This article originally appeared in the Connecticut Lawyer, Volume 15, Number 7. Reprinted with permission.

     Over the past decade, there has been a growing concern that plaintiffs' lawyers increasingly filed large, national class actions in certain state court venues perceived to be very favorable to plaintiffs. These locations-including Madison County, Illinois; Jefferson County, Texas; and Palm Beach County, Florida-have been called everything from "magnet" jurisdictions to "magic" jurisdictions. Despite the fact that these class actions often involved plaintiffs from every state in the nation, and thus had a federal character, they could not be removed to federal court because of the "complete diversity" requirement. That is, every plaintiff had to be diverse from every defendant for federal jurisdiction to exist. A plaintiff's lawyer seeking to avoid federal jurisdiction could simply add a non-diverse plaintiff or one defendant from the forum state who could be dismissed from the case once the removal period lapsed. The recently enacted Class Action Fairness Act of 20051 aims to end such forum shopping and ensure that class actions of a national scope are litigated in federal court.
     In addition, the act reduces incentives for class settlements that provide little value (and may bring harm) to class members. The new law requires courts to take a hard look at "coupon settlements," where class members may receive a coupon toward the purchase of a new product while class counsel receives millions-in cash, not coupons. The law now requires that any contingency fee awarded to class counsel be based on the value of the coupons actually redeemed, often only 10 to 20 percent of the settlement's face value. Further, the law precludes net-loss settlements, where class members actually wind up in the hole after paying their attorney's fees, unless the court makes a written finding that nonmonetary benefits of the settlement outweigh the monetary loss to the class.

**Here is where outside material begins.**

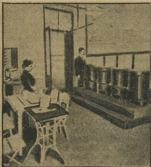
Tejkonyha. (Izabella-utca 42.)

     When President Bush signed the Class Action Fairness Act into law on February 18, 2005, he proclaimed it "a critical step toward ending the lawsuit culture in our country."2 While the act may stem certain perceived class action abuses, it is principally about "court reform," not "tort reform." It alters no substantive legal rights, does not limit damages, and closes the courtroom door to no one; it is a procedural statute that permits more interstate class actions to be heard in federal court and provides safeguards to ensure that class settlements adequately protect class members.3 The following are the key provisions of the new law.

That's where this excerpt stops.